A Linked List is better than an array in some aspects, let’s explore what are they:

• It’s faster to add elements at the beginning or the end of the list. It will always take O(1).
• Dynamic data size, there is no need to define the initial space as an array.
• Use the space as required since the nodes are allocated dynamically, this also means flexibility.
• Good to insert a great amount of data because when adding or removing elements there won’t be a buffer.
• Flexibility, a Linked List is used to handle data structures such as Queue, Stack, and graphs.

Cons from Linked List

• Random Access, It’s not possible to access elements by index.
• It uses more memory than an array. That’s because it’s necessary to create object references between nodes. This means that the we need to create the next object reference. For a Doubly Linked List it’s the next and previous pointers.
• Complexity, traversing in a Liked List is difficult. It’s necessary to use algorithms that require beyond trivial programming knowledge. It’s necessary to really master concepts such as pointers and object references.
• Traversing back to back requires more memory usage since the next and previous pointers will have to be pointing to objects.

Summary

The Linked List data structure is vital to be understood by a software engineer since it’s vastly used in applications and coding interviews, of course! With a Linked List we can easily organize and change directories names or move songs from a player wherever we want since data is not contiguous as an array. Therefore, it’s easier to move data around or change data in the middle.

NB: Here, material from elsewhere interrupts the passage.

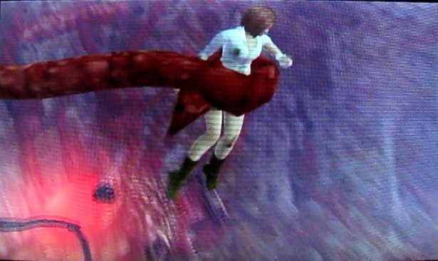 触手から放り出されるミシェルですが…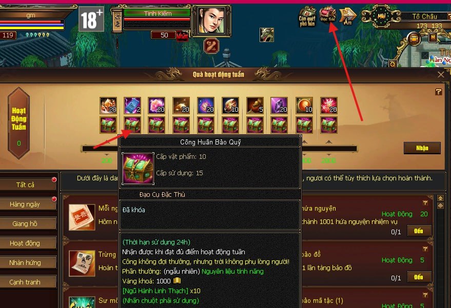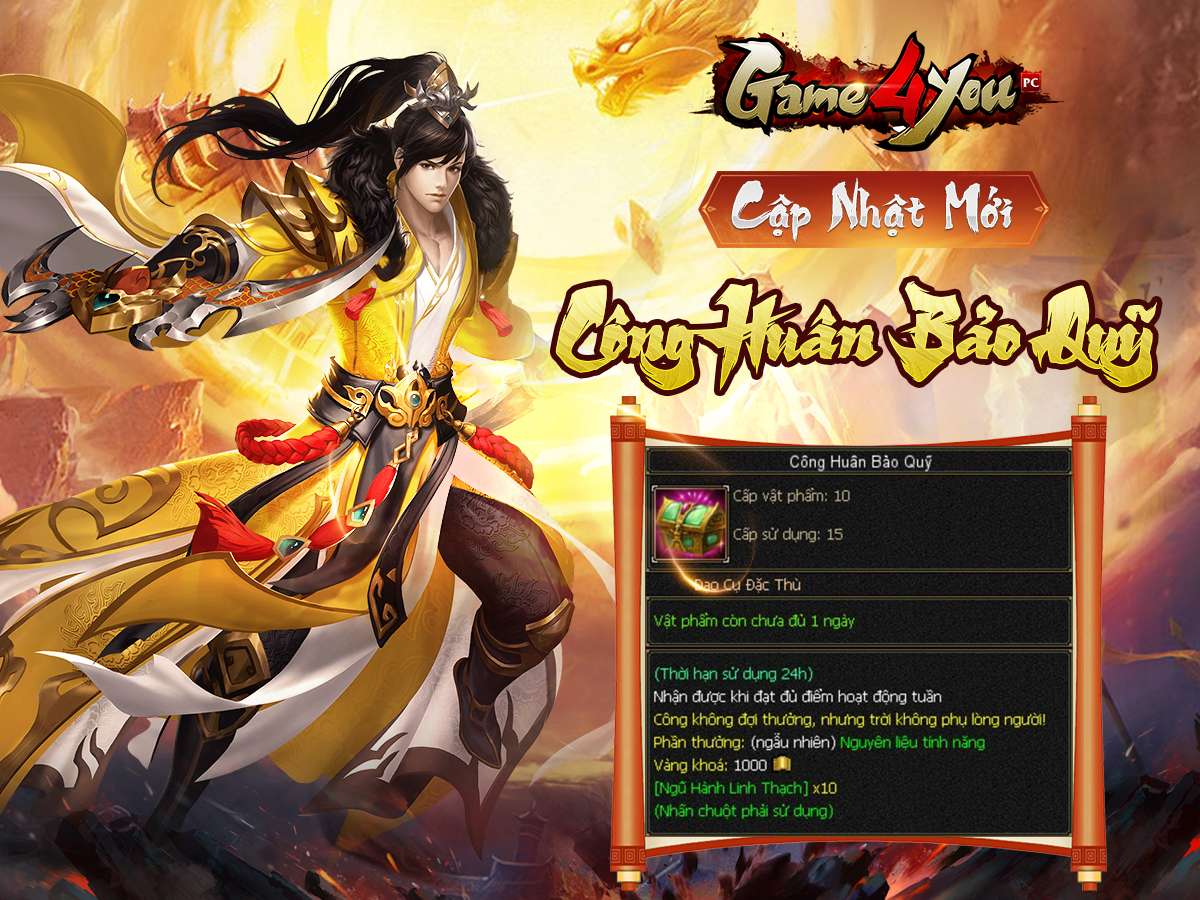 Công Huân Bảo Quỹ là phần thưởng nhận được khi người chơi đủ điểm Hoạt Động Tuần. Tại máy chủ Hợp Kiếm và Phi Long Kiếm, Quà Hoạt Động Tuần đã được điều chỉnh từ ngày 27/1/2026 nhằm phù hợp hơn với nhịp độ hành tẩu và trải nghiệm của chư vị trong giang hồ.

Let’s recap the highlights of this article:

• Singly Linked List has only the next pointer. Meaning that it’s possible to only traverse forward.
• Doubly Linked List has both the next and previous pointers. Meaning that we can traverse forward and backward.
• Circular Singly Linked List has only the next pointer. But the tail (last element) has the reference from the head (first element).
• Circular Doubly Linked List has the next and previous pointers. But the tail also includes the object reference from the head (first element).
• A Node will have the next pointer for Singly Linked List or next and previous for Doubly Linked List.
• The Linked List will have the tail and the head pointers.
• Linked List can’t access elements by index because data is stored dynamically, not contiguously as an array
• Linked List is better to handle a large amount of data since it’s dynamic.
• Linked List is flexible, therefore, great to handle stack, queue, and graphs.
• Linked List will always have the time complexity of O(1) to add or delete elements.